Background: Tuberculosis (TB), an infectious disease caused by Mycobacterium Tuberculosis (MTB). Toll-like receptors (TLRs) are the best-studied class of PRRs, and they recognize specific pathogen-associated molecular patterns (PAMPs) from various microorganisms.

Objectives: This study aimed to determine and measure cellular TLR2 and TLR4 in active TB, latent TB and healthy individuals. Also aimed to define correlation between gene expression and present of TLR4 and TLR2 in study volunteers.

Materials & Methods: This Multi-site, prospective unmatched age and sex case-control, hospital and community-based study. 244 Consented volunteersor patients diagnosed as active tuberculosis, diagnosed latent TBI and a community controls volunteers with negative both TST and INF γ release assay were enrolled. Three-color Flow cytometry using Heparinized blood to study surface expression of TLR4 (CD284) and TLR2 (CD282), by Mean channel fluorescence intensity (MFI). EDTA blood was used for mRNA expression of both receptors using Quantitative RT-PCR.

Results: TLR2, TLR4 cell surface expression by Flow cytometry was decreased in all study volunteers with no significance differences (p.value 0.24).mRNA expression of TLR2 were increased in active TB compared to Latent TBI and healthy individuals,while mRNA TLR4 decreased in active TB and showed increased pattern in latent and low level of expression in healthy volunteers, associated with no significant difference in the expression of TLR-2 mRNA between patients and close contacts with LTBI (p. value 0.045), compared with significance correlation between cellular TLR2 and expression and BCG status (p. value 0.00) respectively. There was highly significance correlation between TST indurations and level of both TLR2 and TLR4 (p. value 0.00).

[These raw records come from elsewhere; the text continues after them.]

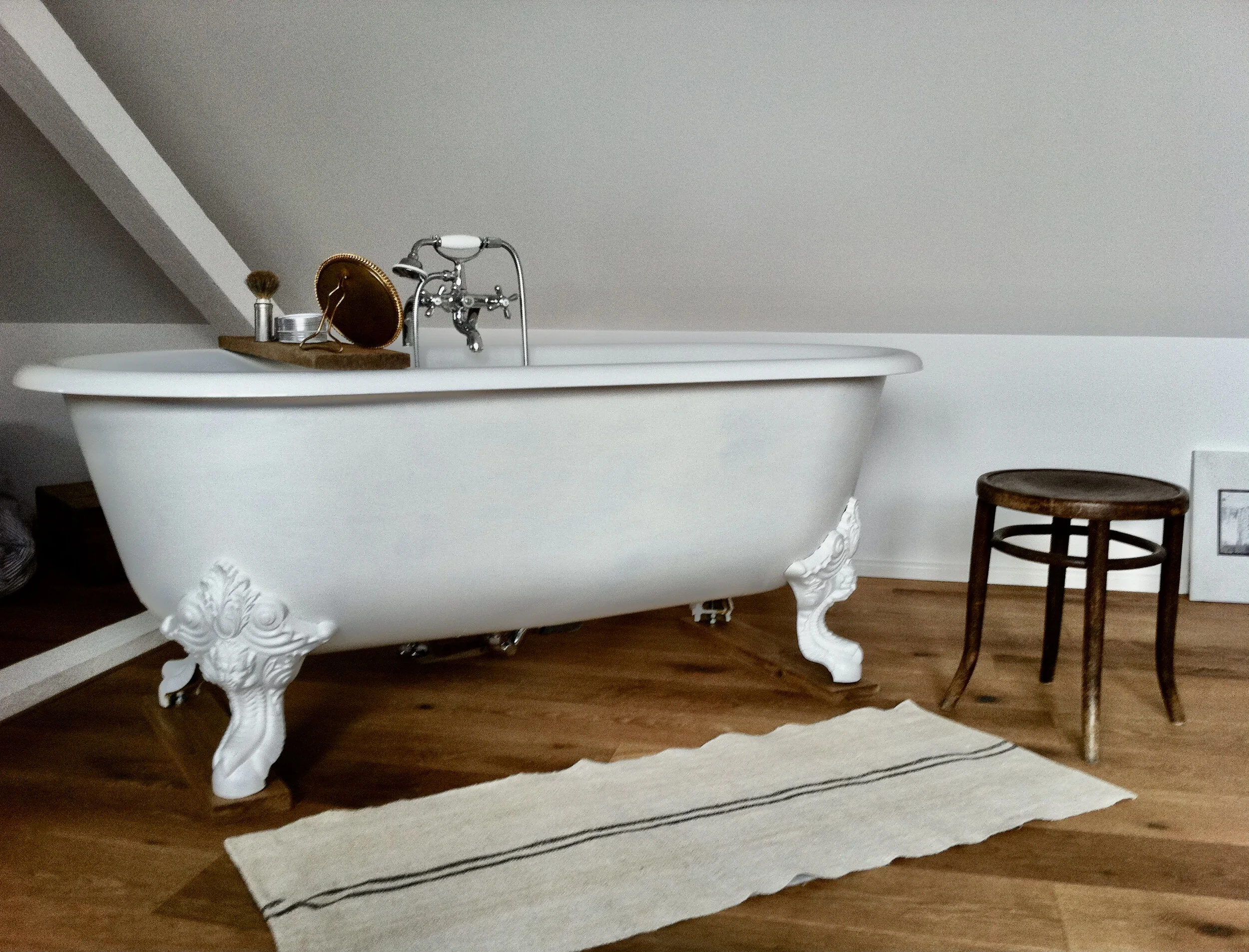 Einfach und Minimalistisch eingerichtet, mit hochwertiger Grundausstattung wie freistehender Badewanne, Armaturen, Porzellanschaltern & -Steckdosen sowie vielen alten, ausgesuchten Möbeln & Gegenständen.
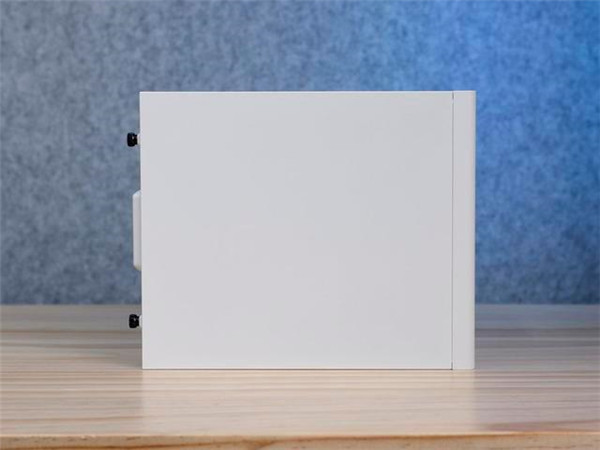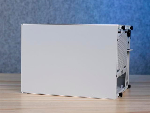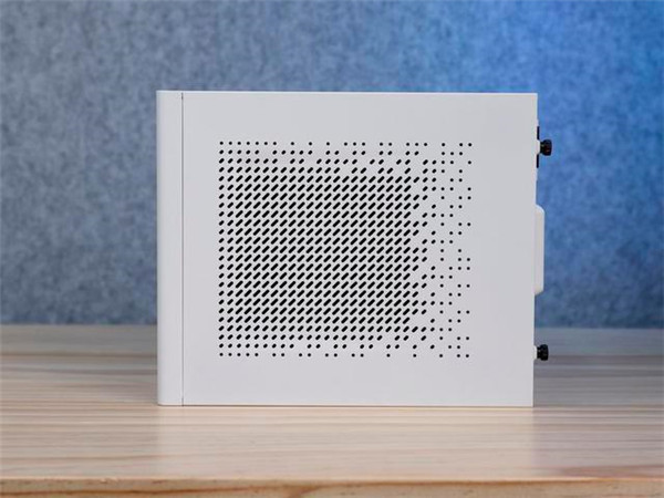 它的左右两侧机箱盖均采用了免工具拆卸设计。左侧机箱盖为一整块钢板。右侧机箱盖设计了大面积的散热网孔。
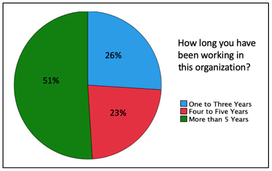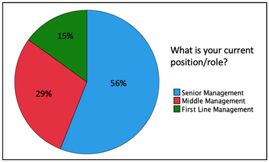 There were 100 respondents who participated in this pilot study. Their split in terms of their position/role and how long they have been working in the organization can be seen in Figure 1. Based on this pie chart, 56 respondents (56 percent) were part of senior management, 29 respondents (29 percent) were part of middle management, and 15 respondents (15 percent) were part of first line management. Majority of the respondents had senior management profiles, which supports the research aims of this paper.
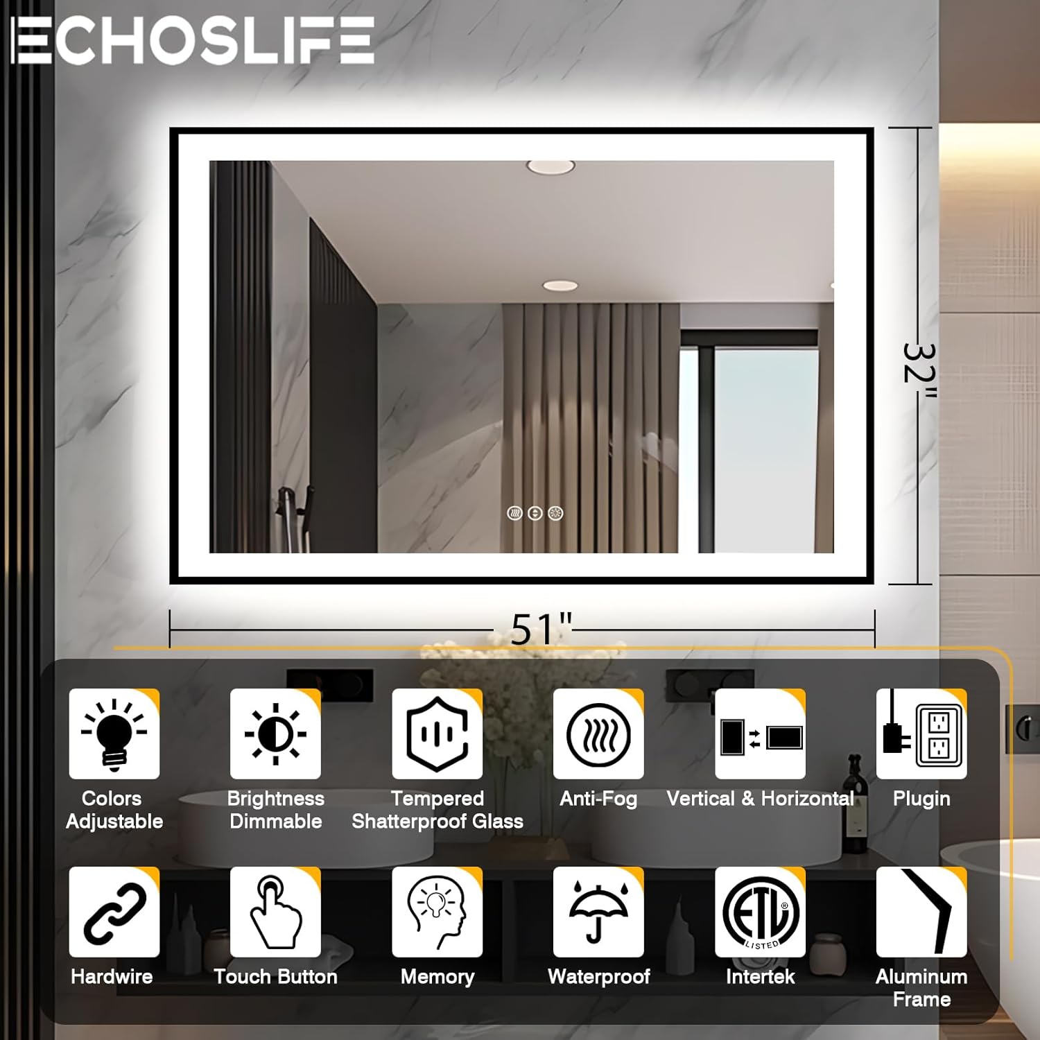 - [Ease of Assembly] EchosLife's lighted bathroom mirror features excellent mounting systems with typical "ledge" design that will never dislodge, making installation a breeze.

Also there was significant correlation between mRNA expression of TLR2 a

Keywords

Toll like receptor; Latent TB; Active TB

Toll like receptor article; TLR article; Latent TB article; Active TB article

Article Details

Introduction:

Tuberculosis (TB) is chronic and infectious disease that is caused by Mycobacterium Tuberculosis and remains an important public health problem worldwide[1], in 2017, it was one of the 10 major causes of death and about1.5 million diagnosed cases globally[2]. M. kansasii and M. avium-intracellulare (MAI) shown similar pathological and clinical appearance to M. Tubercluosis[3].

Both innate and acquired immunity play a crucial roles in tuberculosis infection.Pro-inflammatory and anti-inflammatory cytokines is mediate the body immune response, which they are secreted by dendritic cells and macrophages[4]. This rapid immune response prevents bacterial reproduction and aids in suppress of the infection. an important role played by phagocytic cells in antigen presentation and T-cell-mediated immunity[5]. The bacilli protect themselves by generating immune response-avoiding mechanisms that antagonize the body immunity.

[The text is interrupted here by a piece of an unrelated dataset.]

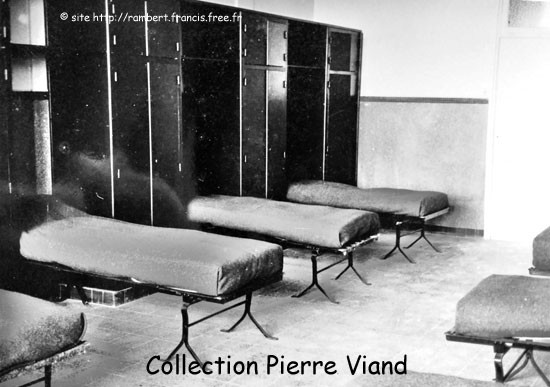 avait une buanderie-lavoir pour les stagiaires. (Théo Bruand) Le bâtiment B ou T2 abritait l'Infirmerie. C'est là qu'un médecin officier (commandant ou capitaine) m'a fait passer la première visite médicale. Il y avait aussi un médecin aspirant. Les vaccins étaient faits dans ce bâtiment. Il y avait au moins un infirmier et un chauffeur avec un véhicule sanitaire pour emmener les consultants à l'hôpital Maillot. Il y avait au moins une chambre, voire plusieurs, pour y soigner les malades. Je ne sais si l'infirmerie prévue devait occuper tout le bâtiment. L'infirmerie que j'ai connue occupait la partie de rez de chaussée du bâtiment B situé près de l'entrée. Le médecin avait son bureau sur la gauche du couloir. Les vaccins se faisaient dans une pièce située en entrant à droite. (Christian Roux) |
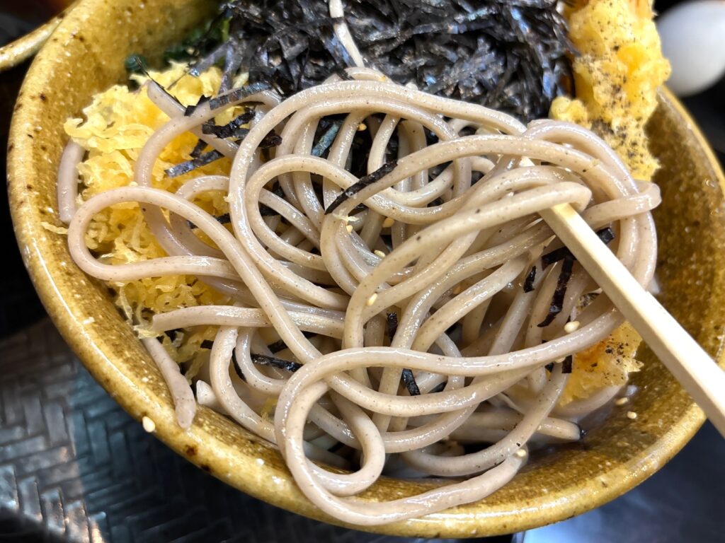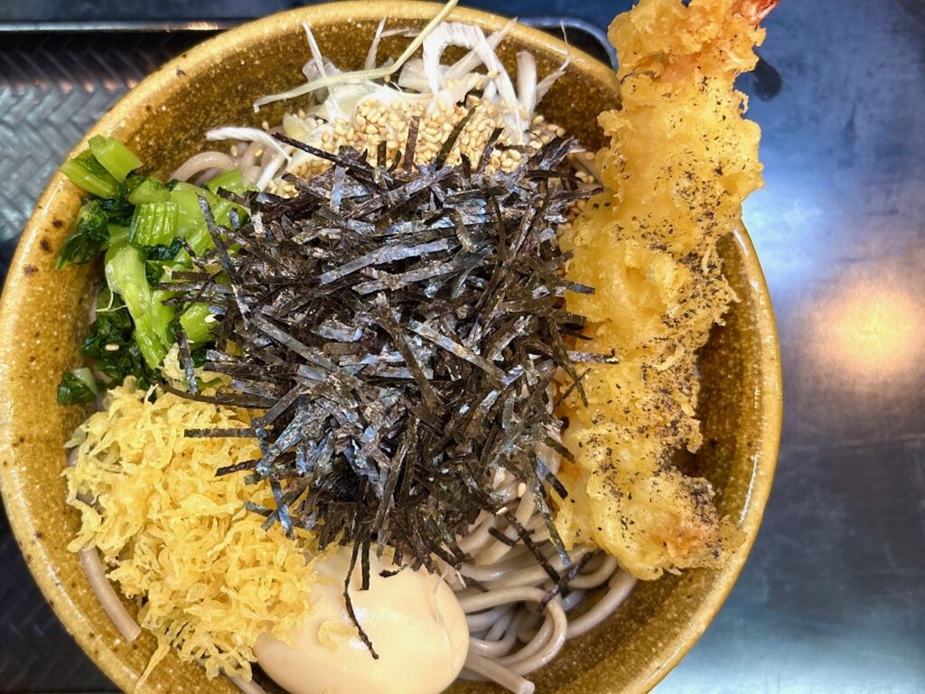 蕎麦と海老天以外だと、野沢菜?刻み海苔、天かす、すりごま、刻み葱がドカッと乗っている!ボリュームがすごい!

Mycobacteria have evolved to escape from macrophage by using elaborate evasion mechanisms[6]. Although, the healthy immune system is control the acute infection, a subclinical latent or chronic infection may persist[7]. Immunological pressure results from Inhibition of iNOS, or T cell depletion due to neutralized immune mediators such as IFN γ or TNF, with continuous activation of phagocytes most likely in associated activated T cells. Toll-like receptors (TLRs) are a class of pattern recognition receptors (PRRs) that initiate the innate immune response by sensing conserved molecular patterns for early immune recognition of a pathogen[8]. Several Functions of TLRs have been shown, such as the recognition of self and non-self-antigens; detection of invading pathogens; bridging the innate and adaptive immunity; and regulation of cytokine production, proliferation, and survival[9-12].

A key receptors that recognize mycobacterial antigens and activating macrophages and dendritic cells are believed to be Toll-Like Receptors (TLRs). Recognition of the whole mycobacterial and purified mycobacterial lipoarabinomannans, lipomannans, phosphatidyl-myo-inositol mannoside, and the 19-kDa lipoprotein by TLR2, and to some extent, TLR4 participate[13]. Also, most researches postulated that a proinflammatory response generated due to this interaction[13].

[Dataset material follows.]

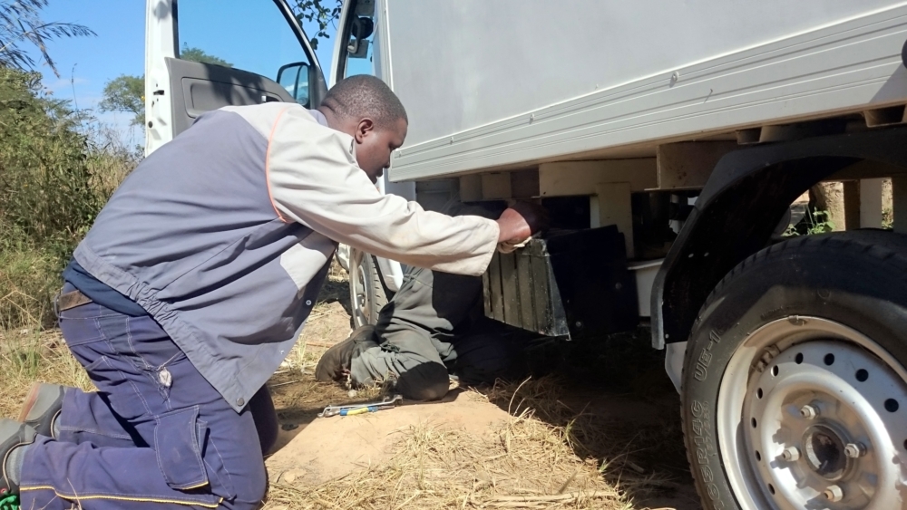 - Der KATC-Werkstattleiter fand es zu gefährlich, mit dem Tata auf der stark befahrenen Strasse wieder nach Lusaka in die Garage zu fahren. Stattdessen veranlasste er, dass ein Tata-Mechaniker nach Kasisi kam. Ich erfuhr, dass dieser den Tank reinigte und der Treibstofffilter ersetzt, das Problem auf der Testfahrt aber erneut auftrat.
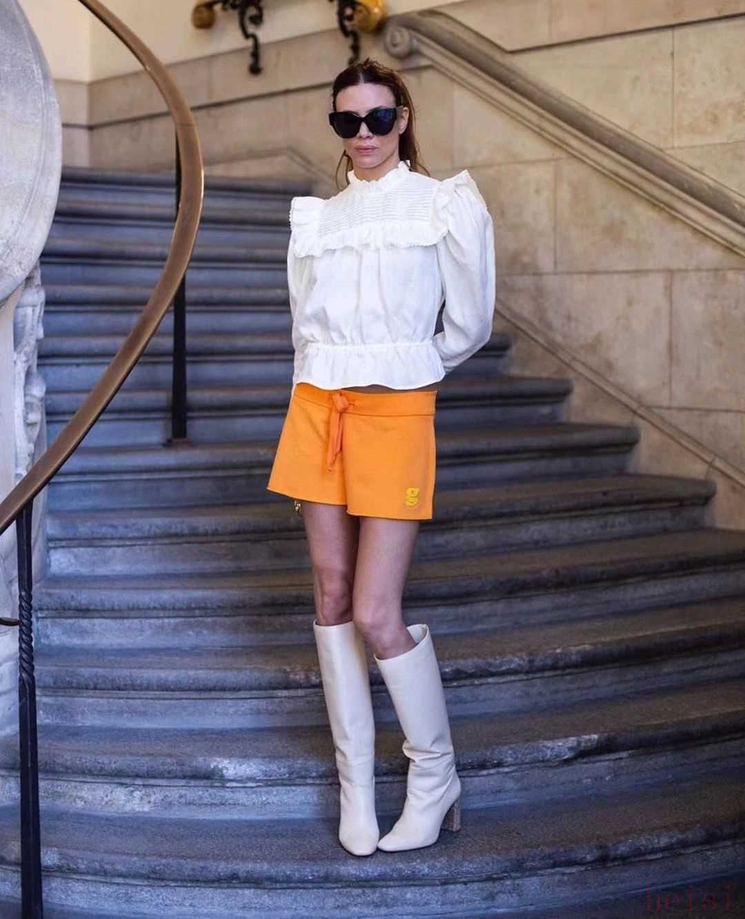Emily Ratajkowski這雙橙色長靴配上黑色連衣裙,很亮眼,一下就用靴子點(diǎn)亮了造型。

TLR2 is a principal receptor implicated in recognizing of Gram-positive bacteria. Peptidoglycan is an essential and major component of Gram-positive bacteria cell walls[14]. TLR4 is known to recognize a broad spectrum of microbial products associated with bacteria, fungi, protozoa, and viruses[15]. TLRs can be expressed extracellularly and/or intracellularly depending on the receptor examined. TLR2 and TLR4 are localized on the cell surface for recognition of extracellular, mostly bacterial, pathogens[16]. During infection TLR2 and TLR4 are expressed in higher magnitude. TLRs and the Toll-interleukin 1 (IL-1) receptor (TIR) domains of myeloid differentiation protein 88 (MyD88) pathway are incorporate with pathogen-associated molecules. Indeed, muted susceptibility to tuberculosis among different populations associated with polymorphisms of TLRs[17]. The most risk factor for tuberculosis infection is TLR2 polymorphism[18].

The objective of present study is to determine the role of Toll-Like Receptor 2 (TLR2) and Toll-Like Receptor 4 (TLR4) in susceptibility and resistance to mycobacterial infections among Sudanese individuals.

Materials and methods:

A Multi-site, prospective, age and sex unmatched, hospital and community-based case-control study took place at Abuanga, Teaching Hospital, Khartoum State and Greater Shendi, River Nile State Sudan, in the period from January 2010 –January 2012.

Consenting adult volunteers or patients diagnosed as active tuberculosis with smear-positive for acid fast bacilli were collected from Abuanga Tuberculosis Treatment Centre and Latent TBI diagnosed by positive or negative Tuberculin skin test and positive INF- γ release assay (TST > 5mm diameter, IFN-γ > 0.35 IU/ml) and community controls volunteers with non-reactive (induration 00 mm) Tuberculin skin test and INF γ release assay from River Nile state were enrolled in this study. While Immunocompromised subjects were excluded, including individuals with HIV infection, those with diabetes mellitus requiring medication, and those taking Immunomodulation medications as well as pregnant and lactating women.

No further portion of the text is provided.